Dave and I are working on a plan for the Summer of Awesomeness 2012; full post on that coming soon because, really, I want you to have a Summer of Awesomeness, too. My previous Summer of Awesomeness was in 2008. That year, I signed up for a 12-week Spartan Challenge at CrossFit Central, and I committed to doing a sh*t-ton of training that summer. I went to class three times a week. I did extra workouts on my own. I learned to love running. I ate perfect Zone meals every time I ate. It was without a doubt the best summer of my life. I was lean, fit, tan, happy, and didn’t even mind that the temps were 90+ for months on end. But that was, again, before my thyroid decided it wanted to break up with me.

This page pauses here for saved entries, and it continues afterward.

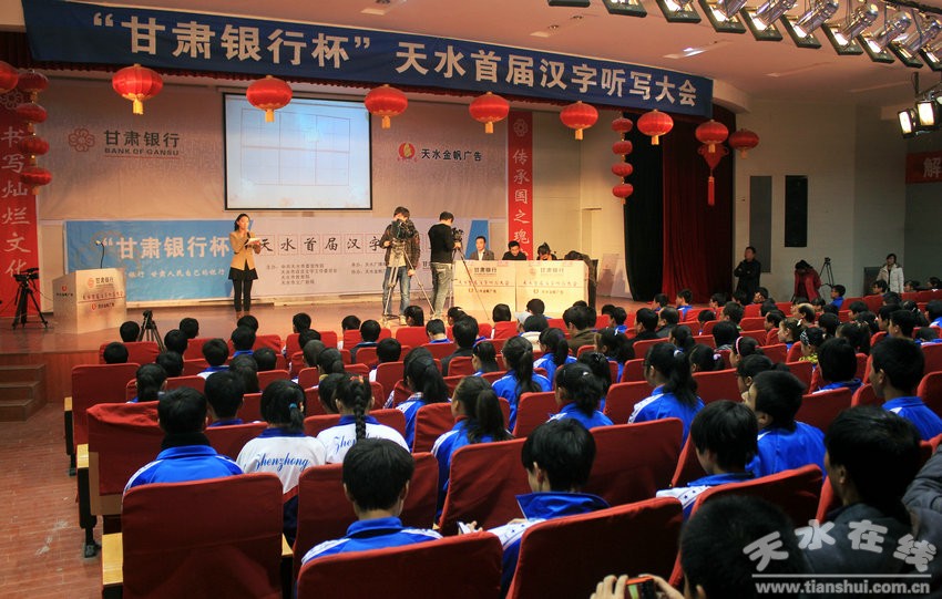 11月14日,由市委宣傳部、市語言文字工作委員會(huì)、市教育局和市文廣新局主辦,天水廣播電視臺(tái)承辦,甘肅銀行獨(dú)家冠名的天水市首屆漢字聽寫大會(huì)張家川專場比賽在張家川縣民族劇院舉行。天水市教育局副局長范具福,副縣長蘇華,縣文明辦、縣教體局負(fù)責(zé)人觀看比賽并為獲獎(jiǎng)選手頒獎(jiǎng),張家川鎮(zhèn)中學(xué)、阿陽中學(xué)、恭門鎮(zhèn)中學(xué)等全縣17所初級中學(xué)師生共300余人參觀看了當(dāng)天的比賽。
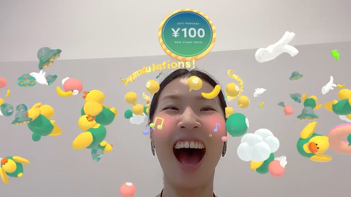 New Stand Tokyo ので体験が可能となっており、店内に設置された QR コードから AR フィルターを起動してルーレットにチャレンジ。その動画を Instagram でシェアすると、当たった賞品をその場でもらうことができます。
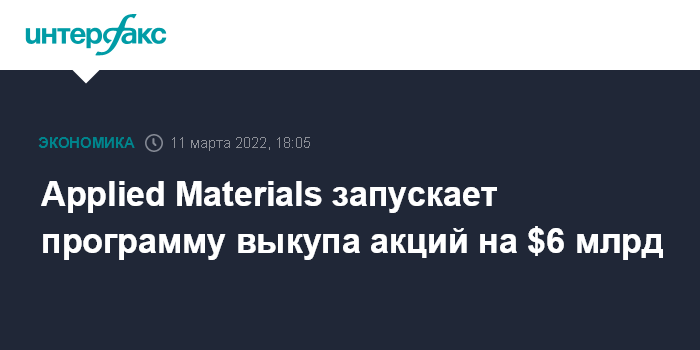 Москва. 11 марта. INTERFAX.RU - Американская Applied Materials Inc., один из крупнейших мировых производителей оборудования для выпуска чипов, сообщила, что запускает новую программу обратного выкупа акций объемом $6 млрд.
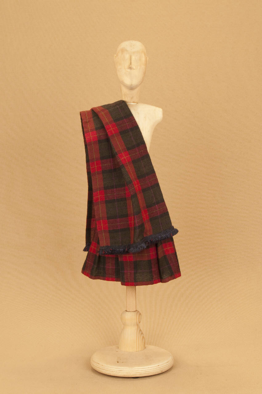 Costume da uomo scozzese composto da kilt e sciarpa.
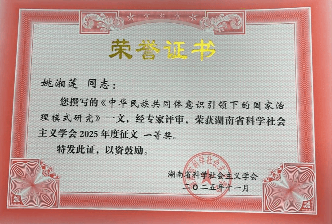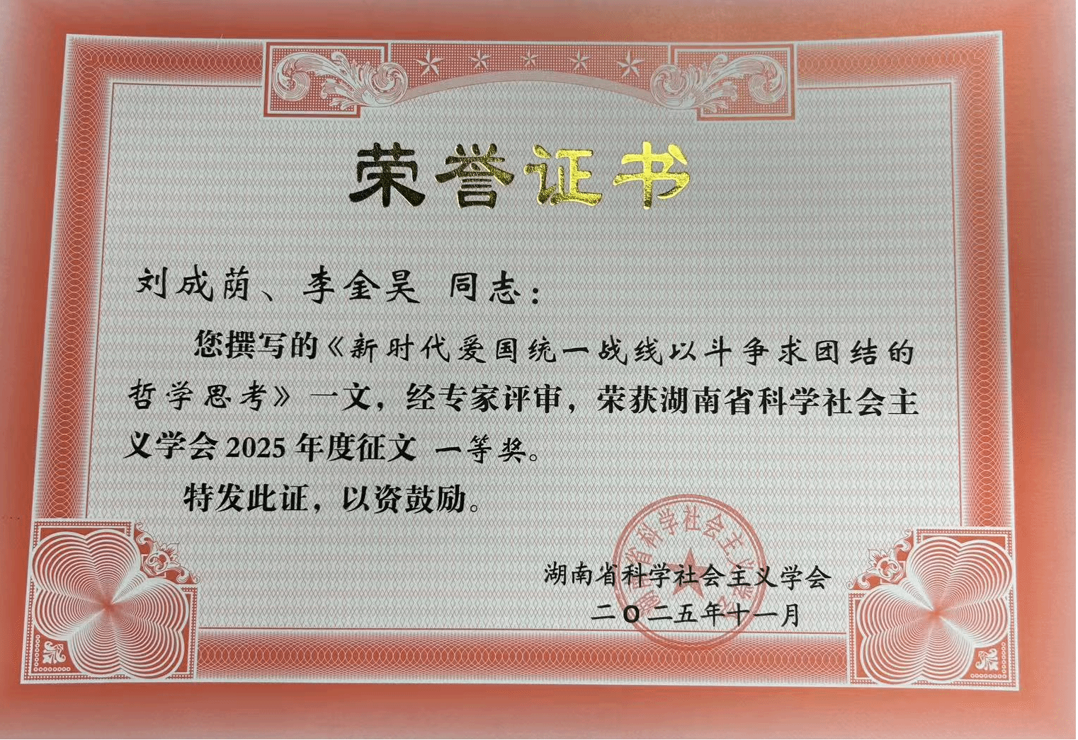 11月15日,“统一战线与中国特色社会主义”理论研讨会暨湖南省科学社会主义学会2025年年会在中共湖南省委党校(湖南行政学院)召开。我院副院长姚湘莲副教授撰写的《中华民族共同体意识引领下的国家治理模式研究》、青年教师李金昊参与撰写(排名第二)的《新时代爱国统一战线以斗争求团结的哲学思考》双双获得一等奖。此外,刘凤健院长以该会顾问身份出席会议,并作《推进祖国统一大业中的军队使命任务》的主旨发言,获得与会代表的一致好评。本次会议进一步巩固了我院与湖南省科学社会主义学会及各兄弟院校的交流纽带,相关成果将为营造学院浓厚学术氛围、推动马克思主义学院实现高质量内涵式发展注入持续动力。
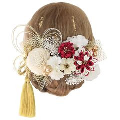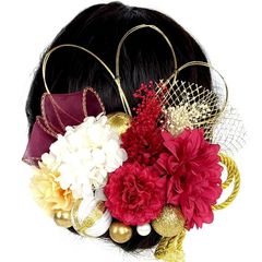 七五三 髪飾り ヘッドドレス 着物リメイク 赤白 しぼり アンティーク
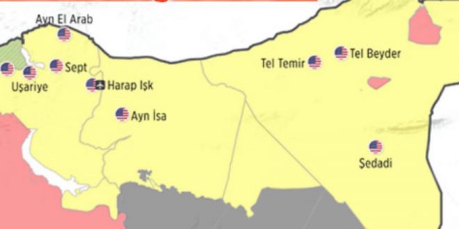 Anadolu Ajansı, Salı günü ABD’nin Suriye’nin kuzeyinde asker konuşlandırdığı 10 noktanın adlarını ve bazılarında bulunan ABD ve Fransız askerlerinin sayısını yayımlamıştı.
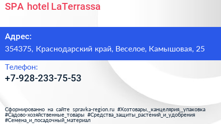 SPA-hotel LaTerrassa по адресу 354375, Краснодарский край, Веселое, Камышовая, 25 в дальнейшем Организация, размещена в следующих категориях:

Because of my broke-ass thyroid, I can’t commit to a high-intensity, 12-week plan — but I can commit to having another great summer, one week at a time. This is new for me, this idea of being committed but flexible. I made a workout plan for the week that alternates hard days and recovery days, but that also includes lots of movement. If it doesn’t wear me out, then next week I’ll do what I really want to do… which is throw in a little metcon on Saturday before yoga.
Monday: walk/run (Done!)
Tuesday: strength training @ the craptastic; kundalini yoga
Wednesday: vinyasa yoga
Thursday: strength training @ the craptastic
Friday: Zombies, Run!
Saturday: hatha yoga
Sunday: walk around the lake
Whew! That is a lot of thinking for one 60-minute jaunt around the lake! But I feel ever-so-much-more centered now.
The biggest takeaway for me: Now that I’m out from under the corporate overlords jackboot, and I’m figuring out how I want my new life to unfold, I need to find a way to combine the “higher self” that I find in yoga with the boobalicious me I like to fancy myself to be.
Do you have a trick for getting back to the “real” you?